* What you have to do *
No pictures belong in the copy. Retype exactly, and only, the stretch of lines below from the one with "Hewlett Packard Enterprise" through the one with "#temanpemilih, Komisi Pemilihan".

* Material supplied *
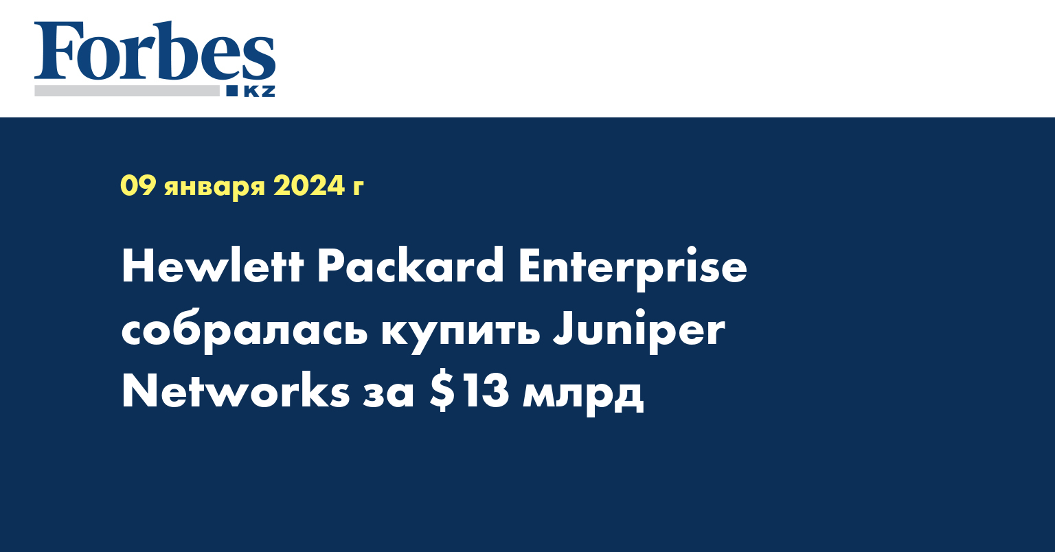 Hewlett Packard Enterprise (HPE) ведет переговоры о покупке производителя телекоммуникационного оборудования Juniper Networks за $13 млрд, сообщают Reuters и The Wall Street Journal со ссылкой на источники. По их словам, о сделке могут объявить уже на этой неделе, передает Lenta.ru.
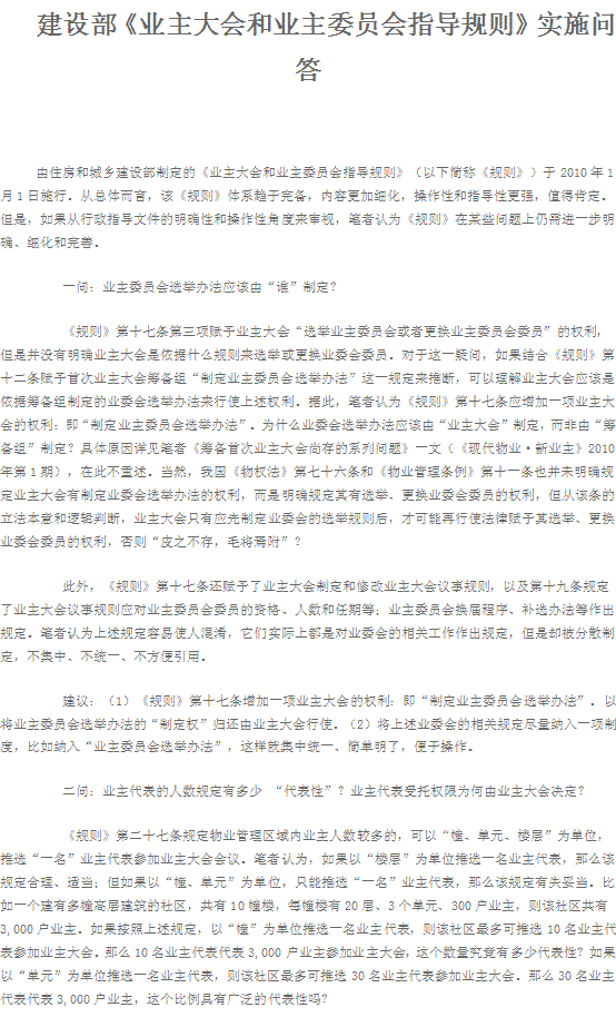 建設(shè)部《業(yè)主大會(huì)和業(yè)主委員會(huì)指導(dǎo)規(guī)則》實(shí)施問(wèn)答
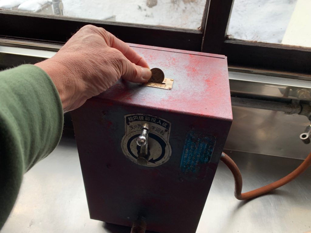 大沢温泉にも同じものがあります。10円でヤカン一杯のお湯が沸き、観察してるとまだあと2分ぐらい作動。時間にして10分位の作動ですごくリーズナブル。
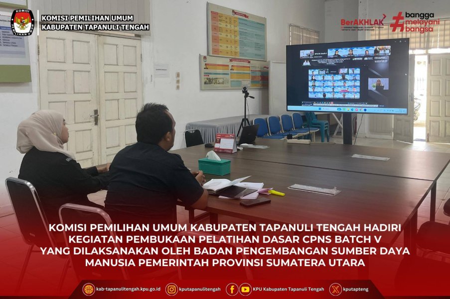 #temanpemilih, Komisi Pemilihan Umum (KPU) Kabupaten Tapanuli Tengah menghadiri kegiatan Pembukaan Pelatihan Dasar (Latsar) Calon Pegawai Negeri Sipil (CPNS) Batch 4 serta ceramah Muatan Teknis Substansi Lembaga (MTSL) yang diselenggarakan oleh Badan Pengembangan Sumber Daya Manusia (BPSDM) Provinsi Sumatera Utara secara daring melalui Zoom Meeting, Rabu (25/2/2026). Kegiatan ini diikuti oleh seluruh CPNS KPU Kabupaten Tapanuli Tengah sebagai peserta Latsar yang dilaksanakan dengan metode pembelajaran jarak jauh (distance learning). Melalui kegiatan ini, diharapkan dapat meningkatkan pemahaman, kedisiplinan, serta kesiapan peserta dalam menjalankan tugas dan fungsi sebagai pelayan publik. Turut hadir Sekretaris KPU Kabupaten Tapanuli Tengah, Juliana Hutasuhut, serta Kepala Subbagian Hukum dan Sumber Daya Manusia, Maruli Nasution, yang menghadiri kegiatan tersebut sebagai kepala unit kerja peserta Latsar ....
...
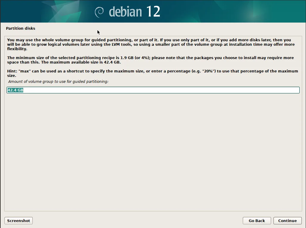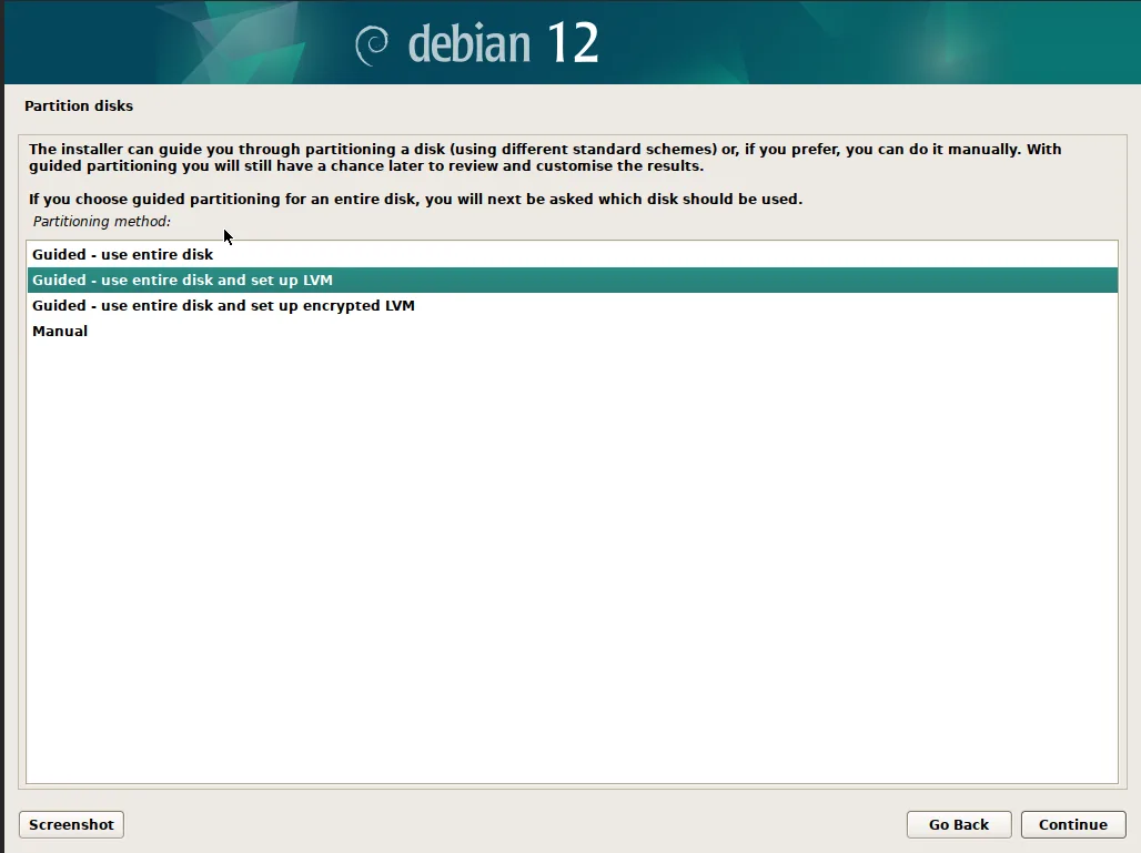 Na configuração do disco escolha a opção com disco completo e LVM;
==
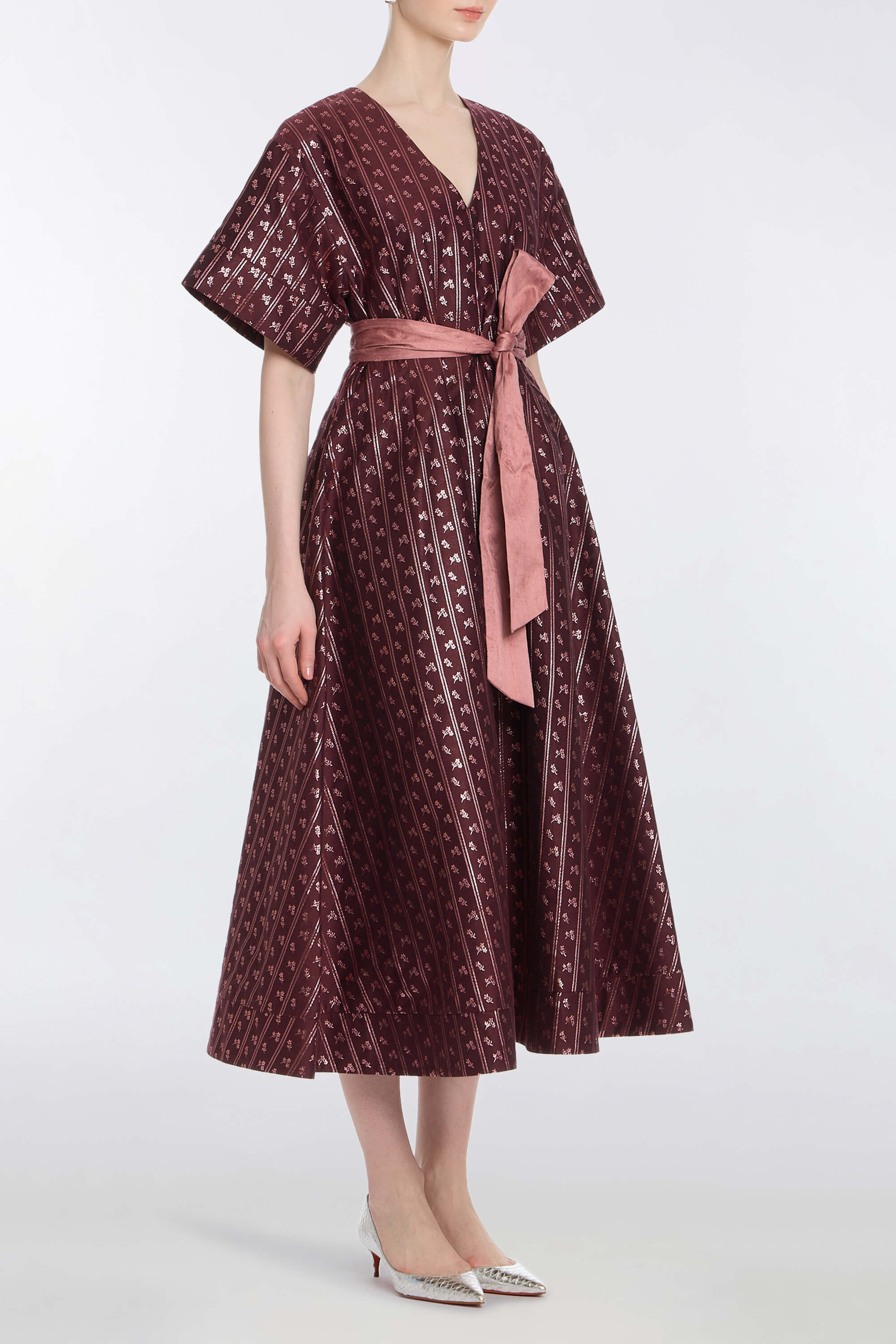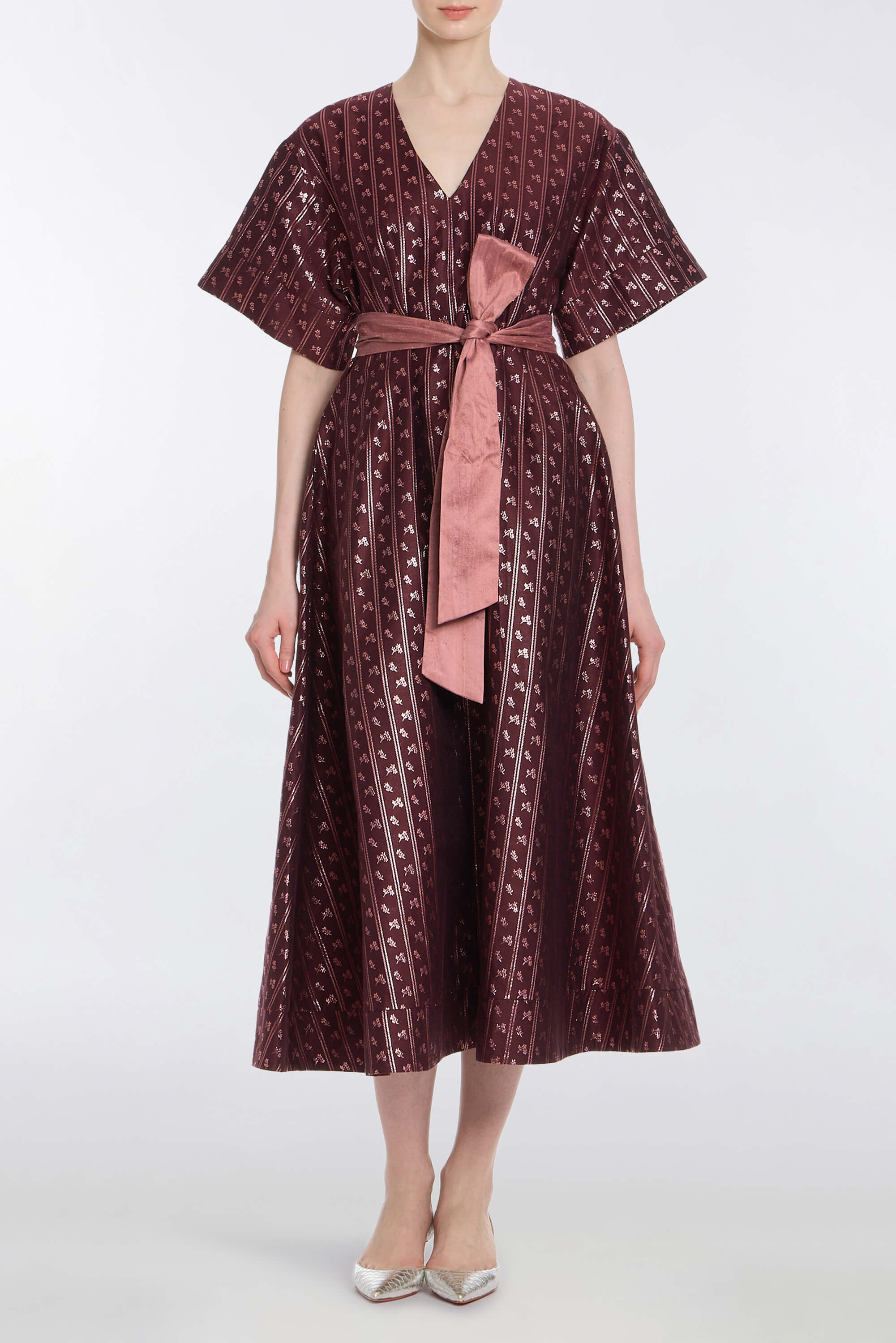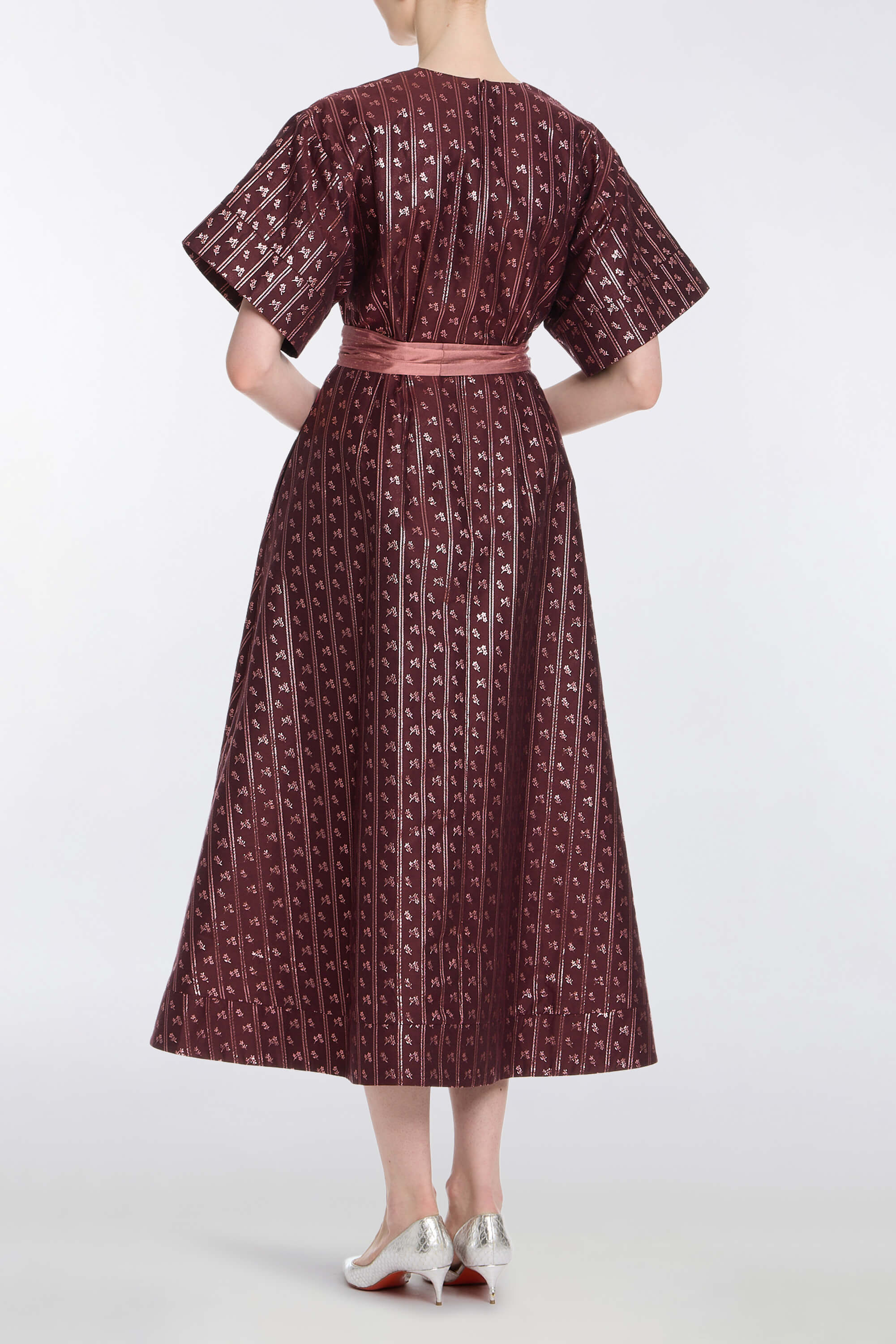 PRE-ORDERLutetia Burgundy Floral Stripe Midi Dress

* Response box *
 Hewlett Packard Enterprise (HPE) ведет переговоры о покупке производителя телекоммуникационного оборудования Juniper Networks за $13 млрд, сообщают Reuters и The Wall Street Journal со ссылкой на источники. По их словам, о сделке могут объявить уже на этой неделе, передает Lenta.ru.
 建設(shè)部《業(yè)主大會(huì)和業(yè)主委員會(huì)指導(dǎo)規(guī)則》實(shí)施問(wèn)答
 大沢温泉にも同じものがあります。10円でヤカン一杯のお湯が沸き、観察してるとまだあと2分ぐらい作動。時間にして10分位の作動ですごくリーズナブル。
 #temanpemilih, Komisi Pemilihan Umum (KPU) Kabupaten Tapanuli Tengah menghadiri kegiatan Pembukaan Pelatihan Dasar (Latsar) Calon Pegawai Negeri Sipil (CPNS) Batch 4 serta ceramah Muatan Teknis Substansi Lembaga (MTSL) yang diselenggarakan oleh Badan Pengembangan Sumber Daya Manusia (BPSDM) Provinsi Sumatera Utara secara daring melalui Zoom Meeting, Rabu (25/2/2026). Kegiatan ini diikuti oleh seluruh CPNS KPU Kabupaten Tapanuli Tengah sebagai peserta Latsar yang dilaksanakan dengan metode pembelajaran jarak jauh (distance learning). Melalui kegiatan ini, diharapkan dapat meningkatkan pemahaman, kedisiplinan, serta kesiapan peserta dalam menjalankan tugas dan fungsi sebagai pelayan publik. Turut hadir Sekretaris KPU Kabupaten Tapanuli Tengah, Juliana Hutasuhut, serta Kepala Subbagian Hukum dan Sumber Daya Manusia, Maruli Nasution, yang menghadiri kegiatan tersebut sebagai kepala unit kerja peserta Latsar ....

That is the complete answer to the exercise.